In the Bayesian model, the random effects are not BLUPS, but are parameters estimates in the model

In this case, we see a little more shrinkage relative to the standard approach

The following are obtained from the same <span class="func">ranef</span> function used in <span class="pack">lme4</span>

```{r ranef_compare, eval=TRUE, echo=FALSE}
data_frame(lme4 = ranef(sleepstudy_lmer)[[1]][['(Intercept)']],
           bayesian = ranef(sleepstudy_blmer)[[1]][['(Intercept)']]) %>% 
  kable_df(digits=1)
```


## rstanarm: Other Models

- ANOVA
- Beta regression
- Conditional logistic
- GLM including negative binomial models
- Generalized additive models
- Nonlinear and Generalized mixed models
- 'Joint' models for longitudinal and time-to-event (e.g. survival)
- Multivariate
- Ordinal models


# Priors

## Default priors

Depends on the model

For most models: 

- intercepts are treated differently
- regression coefficients have mean zero with some specific variance
- scale parameters (e.g. residual variance) will have appropriate priors

Basically, <span class="pack">rstanarm</span> is going to be okay for you to use defaults

If you want to change, there are plenty of resources about priors:

`?prior_summary`

`?priors`


http://mc-stan.org/rstanarm/articles/priors.html

https://github.com/stan-dev/stan/wiki/Prior-Choice-Recommendations


## Getting priors

```{r getting_priors, eval=TRUE}
prior_summary(attendance_bglm)
```

## Setting priors

One can set priors with the appropriate arguments to the model function


| Argument       | Used in  | Applies to |
| ------------- | ------------- | ------------- |
| `prior_intercept` | All modeling functions except `stan_polr` and `stan_nlmer`| Model intercept, after centering predictors.|
| `prior` |  All modeling functions| Regression coefficients.

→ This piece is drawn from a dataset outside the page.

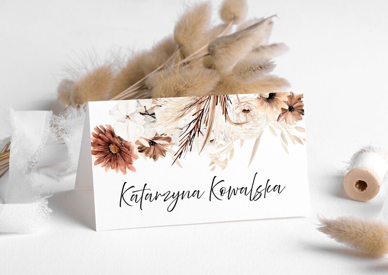 AW-WDS5Winietki ślube z motywem kwiatów rustykalntch. Piękna jesienna kolorystyka - grafika akwarela.

Does _not_ include coefficients that vary by group in a multilevel model (see `prior_covariance`).|
| `prior_aux` | `stan_glm`\*, `stan_glmer`\*, `stan_gamm4`, `stan_nlmer`| Auxiliary parameter, e.g. error SD (interpretation depends on the GLM).|
| `prior_covariance` | `stan_glmer`\*, `stan_gamm4`, `stan_nlmer`| Covariance matrices in multilevel models with varying slopes and intercepts. See the [`stan_glmer` vignette](http://mc-stan.org/rstanarm/articles/glmer.html) for details on this prior.|


<br> 

The `stan_polr`, `stan_betareg`, and `stan_gamm4` functions also provide
additional arguments specific only to those models:

| Argument       | Used only in  | Applies to |
| ------------- | ------------- | ------------- |
| `prior_smooth` | `stan_gamm4` | Prior for hyper-parameters in GAMs (lower values yield less flexible smooth functions). |
| `prior_counts` | `stan_polr` | Prior counts of an _ordinal_ outcome (when predictors at sample means). |
| `prior_z`  |  `stan_betareg`| Coefficients in the model for `phi`.|
| `prior_intercept_z` | `stan_betareg`| Intercept in the model for `phi`. |
| `prior_phi` | `stan_betareg`| `phi`, if not modeled as function of predictors. |


### Example

```{r setting_priors}
attendance_bglm <- stan_glm(daysabs ~ math + gender + prog,
                            data = attendance, 
                            family = poisson, 
                            prior = student_t(df = 7))
```


[^poisson]: If not familiar with Poisson regression, we are modeling the log counts as a function of the covariates.  Often the exponentiated coefficients are reported.  For example, `exp(coef(attendance_glm)['genderMale'])` is `r round(exp(coef(attendance_glm)['genderMale']),3)`. Subtracting 1 tells us there is a `r round(exp(coef(attendance_glm)['genderMale']) -1, 3)*100`% decrease in the incident rate of days absent as we switch from female to male.